Here we rely on the fantastic service provided by Google Maps . Ask Google for the shortest way to walk from The Elbow over to The Stag and it will respond with excellent step-by-step directions. The level of detail covered by Google Maps is amazing.
So this is our challenge. Using geographic coordinates of 24,727 pubs provided by Pubs Galore and measuring the distance between any two pubs as the length of the route produced by Google Maps, what is the shortest possible tour that visits all 24,727 and returns to the starting point?
Well, almost. We need to make one final assumption. It sounds like something only a mathematician would consider, but we have to assume that the route Google suggests for walking between The Fiddler's Elbow and The Bald Faced Stag is no shorter than the route a smart crow would fly. This makes it conceivable to solve the problem without actually asking Google for the distance to travel between each pair of pubs, an important consideration since there are 305,699,901 pairs and Google puts a cap of 2,500 distance requests per day.
This is the problem we have solved. The optimal tour has length 45,495,239 meters. To be clear, our main result is that there simply does not exist any pub tour that is even one meter shorter (measuring the length using the distances we obtained from Google) than the one produced by our computation. It is the solution to a 24,727-city traveling salesman problem (TSP).
The UK Pubs tour is easily the largest such road-distance TSP that has been solved to date, having over 100 times more stops than any road-distance example solved previously by other research groups.
The Big Picture
The work was carried out over the past two years. We, of course, did not have in mind to bring everything mathematics has to bear in order to improve the lot of a wandering pub aficionado. Rather, we use the UK pubs problem as a means for developing and testing general-purpose optimization methods. The world has limited resources and the aim of the applied mathematics fields of mathematical optimization and operations research is to create tools to help us to use these resources as efficiently as possible.
For general information on mathematical modeling and its impact on industry, commerce, medicine, and the environment, we point you to a number of societies that support mathematics research and education: American Mathematical Society , Mathematical Association of America , Mathematical Optimization Society , INFORMS (operations research), London Mathematical Society , and SIAM (applied mathematics).
William Cook, Combinatorics and Optimization, University of Waterloo, Canada
Daniel Espinoza , Gurobi Optimization, USA
Marcos Goycoolea , School of Business, Universidad Adolfo Ibanez, Chile
Keld Helsgaun , Computer Science, Roskilde University, Denmark
It is not easy to convey the structure and complexity of the optimal tour. A list of the 24,727 pubs, one after the other, in the correct order, resembles a good-sized phone book. Perhaps the best way to get a quick view is to look at a line drawing, where the solution is displayed without indicating the many destinations.

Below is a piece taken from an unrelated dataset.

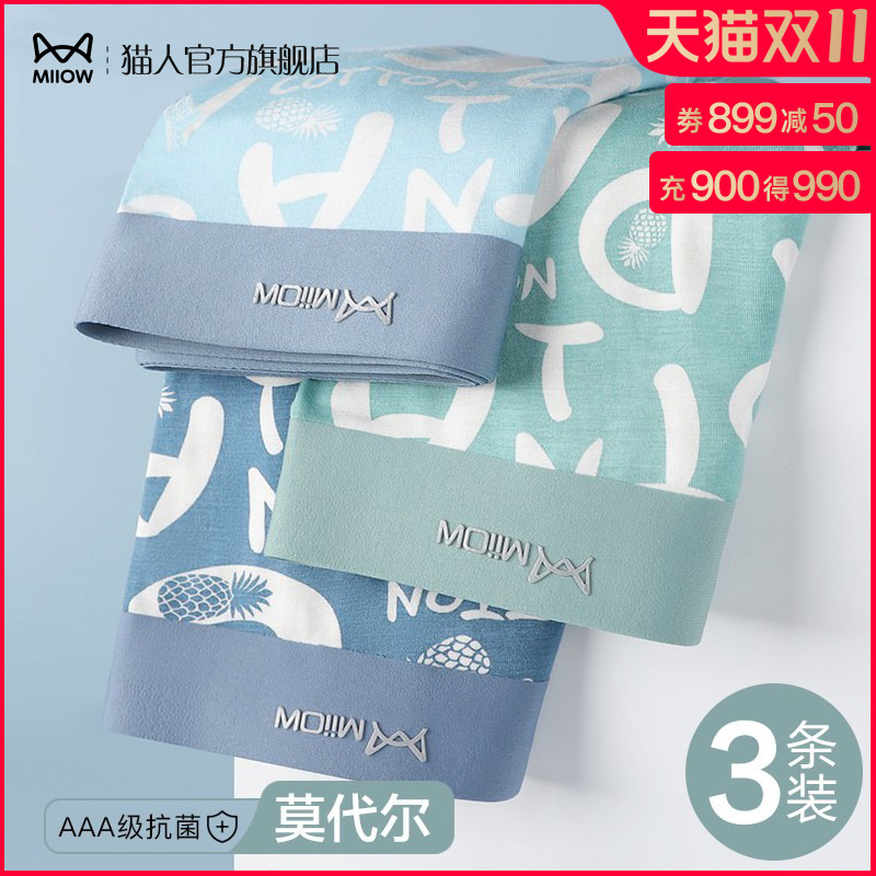 【产品名称:猫人男士内裤纯棉抗菌裆无痕莫代尔印花平角裤衩男生短裤头青少年】

Click image for a larger view. You see that we obviously cannot walk several of the indicated routes: to reach the Isle of Man, Northern Ireland, and the islands of Scotland, the tour uses scheduled passenger-ferry routes provided by Google's direction services.
To show a detailed view, we make use of the Google Maps drawing tools to display an interactive version of the tour, where you can zoom in and pan from one region to another. The link is given below, but first a word of warning: the map contains a great deal of information and it can take a minute or so to load. We provide tips for using the map on thetour page.
Click image for an interactive map. If the map refuses to load for you, please have a look at thetour page for high-resolution screen shots, as well as further information about the route.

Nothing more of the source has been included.